▸ **Exercise instructions**
Word for word, restate every entry that follows.

▸ **Supplied information**
§
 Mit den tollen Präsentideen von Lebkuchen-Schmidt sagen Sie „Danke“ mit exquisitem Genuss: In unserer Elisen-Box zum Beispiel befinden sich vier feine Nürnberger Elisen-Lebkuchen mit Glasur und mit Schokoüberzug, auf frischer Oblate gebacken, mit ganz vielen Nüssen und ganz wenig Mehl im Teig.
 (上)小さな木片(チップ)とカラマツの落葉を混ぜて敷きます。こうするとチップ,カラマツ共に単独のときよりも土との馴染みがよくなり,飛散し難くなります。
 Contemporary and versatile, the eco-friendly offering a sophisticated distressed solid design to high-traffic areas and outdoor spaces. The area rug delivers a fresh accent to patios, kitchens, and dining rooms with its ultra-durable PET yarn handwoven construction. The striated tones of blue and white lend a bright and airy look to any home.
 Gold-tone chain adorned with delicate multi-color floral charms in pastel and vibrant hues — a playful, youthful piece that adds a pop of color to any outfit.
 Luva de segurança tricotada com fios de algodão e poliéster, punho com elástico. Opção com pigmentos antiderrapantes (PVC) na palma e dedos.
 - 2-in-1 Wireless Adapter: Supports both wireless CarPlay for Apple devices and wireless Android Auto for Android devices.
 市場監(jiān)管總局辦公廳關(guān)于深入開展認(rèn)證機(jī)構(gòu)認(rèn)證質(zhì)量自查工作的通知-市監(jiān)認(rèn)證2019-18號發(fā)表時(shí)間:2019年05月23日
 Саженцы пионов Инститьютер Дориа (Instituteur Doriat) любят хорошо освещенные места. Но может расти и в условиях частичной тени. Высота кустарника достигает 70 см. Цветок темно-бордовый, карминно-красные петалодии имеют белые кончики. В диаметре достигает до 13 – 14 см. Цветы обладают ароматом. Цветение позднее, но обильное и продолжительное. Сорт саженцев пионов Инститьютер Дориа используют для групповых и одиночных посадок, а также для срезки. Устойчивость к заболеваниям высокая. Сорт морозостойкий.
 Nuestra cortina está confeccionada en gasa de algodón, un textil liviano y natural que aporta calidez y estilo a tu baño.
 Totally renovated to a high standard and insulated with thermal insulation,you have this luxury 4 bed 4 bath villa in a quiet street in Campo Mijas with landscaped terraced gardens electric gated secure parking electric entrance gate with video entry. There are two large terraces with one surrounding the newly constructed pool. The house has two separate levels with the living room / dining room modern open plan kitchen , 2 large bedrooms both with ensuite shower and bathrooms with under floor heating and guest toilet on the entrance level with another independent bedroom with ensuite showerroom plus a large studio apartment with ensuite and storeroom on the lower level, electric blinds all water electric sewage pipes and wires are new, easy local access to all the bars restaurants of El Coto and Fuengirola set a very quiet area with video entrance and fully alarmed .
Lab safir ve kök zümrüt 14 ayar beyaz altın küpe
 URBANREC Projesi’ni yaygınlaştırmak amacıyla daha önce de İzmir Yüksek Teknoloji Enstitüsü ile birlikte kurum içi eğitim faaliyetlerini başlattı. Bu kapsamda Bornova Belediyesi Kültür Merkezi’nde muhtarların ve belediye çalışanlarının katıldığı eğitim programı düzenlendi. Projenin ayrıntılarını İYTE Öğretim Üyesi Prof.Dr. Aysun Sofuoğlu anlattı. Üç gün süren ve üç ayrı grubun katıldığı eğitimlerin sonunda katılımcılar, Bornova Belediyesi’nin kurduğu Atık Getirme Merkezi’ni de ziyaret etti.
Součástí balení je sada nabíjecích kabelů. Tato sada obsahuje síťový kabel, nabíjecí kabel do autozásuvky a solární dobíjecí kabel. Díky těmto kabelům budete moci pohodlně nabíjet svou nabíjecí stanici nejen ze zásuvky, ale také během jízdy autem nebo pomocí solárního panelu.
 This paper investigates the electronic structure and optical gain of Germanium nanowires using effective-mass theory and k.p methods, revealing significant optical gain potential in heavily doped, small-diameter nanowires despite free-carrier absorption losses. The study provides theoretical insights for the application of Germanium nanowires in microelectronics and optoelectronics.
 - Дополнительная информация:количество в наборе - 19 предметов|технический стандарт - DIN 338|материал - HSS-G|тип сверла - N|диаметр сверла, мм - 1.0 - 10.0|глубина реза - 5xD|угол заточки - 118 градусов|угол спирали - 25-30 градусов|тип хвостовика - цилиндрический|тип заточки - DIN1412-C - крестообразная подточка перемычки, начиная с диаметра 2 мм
§
▸ **Output**
 Mit den tollen Präsentideen von Lebkuchen-Schmidt sagen Sie „Danke“ mit exquisitem Genuss: In unserer Elisen-Box zum Beispiel befinden sich vier feine Nürnberger Elisen-Lebkuchen mit Glasur und mit Schokoüberzug, auf frischer Oblate gebacken, mit ganz vielen Nüssen und ganz wenig Mehl im Teig.
 (上)小さな木片(チップ)とカラマツの落葉を混ぜて敷きます。こうするとチップ,カラマツ共に単独のときよりも土との馴染みがよくなり,飛散し難くなります。
 Contemporary and versatile, the eco-friendly offering a sophisticated distressed solid design to high-traffic areas and outdoor spaces. The area rug delivers a fresh accent to patios, kitchens, and dining rooms with its ultra-durable PET yarn handwoven construction. The striated tones of blue and white lend a bright and airy look to any home.
 Gold-tone chain adorned with delicate multi-color floral charms in pastel and vibrant hues — a playful, youthful piece that adds a pop of color to any outfit.
 Luva de segurança tricotada com fios de algodão e poliéster, punho com elástico. Opção com pigmentos antiderrapantes (PVC) na palma e dedos.
 - 2-in-1 Wireless Adapter: Supports both wireless CarPlay for Apple devices and wireless Android Auto for Android devices.
 市場監(jiān)管總局辦公廳關(guān)于深入開展認(rèn)證機(jī)構(gòu)認(rèn)證質(zhì)量自查工作的通知-市監(jiān)認(rèn)證2019-18號發(fā)表時(shí)間:2019年05月23日
 Саженцы пионов Инститьютер Дориа (Instituteur Doriat) любят хорошо освещенные места. Но может расти и в условиях частичной тени. Высота кустарника достигает 70 см. Цветок темно-бордовый, карминно-красные петалодии имеют белые кончики. В диаметре достигает до 13 – 14 см. Цветы обладают ароматом. Цветение позднее, но обильное и продолжительное. Сорт саженцев пионов Инститьютер Дориа используют для групповых и одиночных посадок, а также для срезки. Устойчивость к заболеваниям высокая. Сорт морозостойкий.
 Nuestra cortina está confeccionada en gasa de algodón, un textil liviano y natural que aporta calidez y estilo a tu baño.
 Totally renovated to a high standard and insulated with thermal insulation,you have this luxury 4 bed 4 bath villa in a quiet street in Campo Mijas with landscaped terraced gardens electric gated secure parking electric entrance gate with video entry. There are two large terraces with one surrounding the newly constructed pool. The house has two separate levels with the living room / dining room modern open plan kitchen , 2 large bedrooms both with ensuite shower and bathrooms with under floor heating and guest toilet on the entrance level with another independent bedroom with ensuite showerroom plus a large studio apartment with ensuite and storeroom on the lower level, electric blinds all water electric sewage pipes and wires are new, easy local access to all the bars restaurants of El Coto and Fuengirola set a very quiet area with video entrance and fully alarmed .
Lab safir ve kök zümrüt 14 ayar beyaz altın küpe
 URBANREC Projesi’ni yaygınlaştırmak amacıyla daha önce de İzmir Yüksek Teknoloji Enstitüsü ile birlikte kurum içi eğitim faaliyetlerini başlattı. Bu kapsamda Bornova Belediyesi Kültür Merkezi’nde muhtarların ve belediye çalışanlarının katıldığı eğitim programı düzenlendi. Projenin ayrıntılarını İYTE Öğretim Üyesi Prof.Dr. Aysun Sofuoğlu anlattı. Üç gün süren ve üç ayrı grubun katıldığı eğitimlerin sonunda katılımcılar, Bornova Belediyesi’nin kurduğu Atık Getirme Merkezi’ni de ziyaret etti.
Součástí balení je sada nabíjecích kabelů. Tato sada obsahuje síťový kabel, nabíjecí kabel do autozásuvky a solární dobíjecí kabel. Díky těmto kabelům budete moci pohodlně nabíjet svou nabíjecí stanici nejen ze zásuvky, ale také během jízdy autem nebo pomocí solárního panelu.
 This paper investigates the electronic structure and optical gain of Germanium nanowires using effective-mass theory and k.p methods, revealing significant optical gain potential in heavily doped, small-diameter nanowires despite free-carrier absorption losses. The study provides theoretical insights for the application of Germanium nanowires in microelectronics and optoelectronics.
 - Дополнительная информация:количество в наборе - 19 предметов|технический стандарт - DIN 338|материал - HSS-G|тип сверла - N|диаметр сверла, мм - 1.0 - 10.0|глубина реза - 5xD|угол заточки - 118 градусов|угол спирали - 25-30 градусов|тип хвостовика - цилиндрический|тип заточки - DIN1412-C - крестообразная подточка перемычки, начиная с диаметра 2 мм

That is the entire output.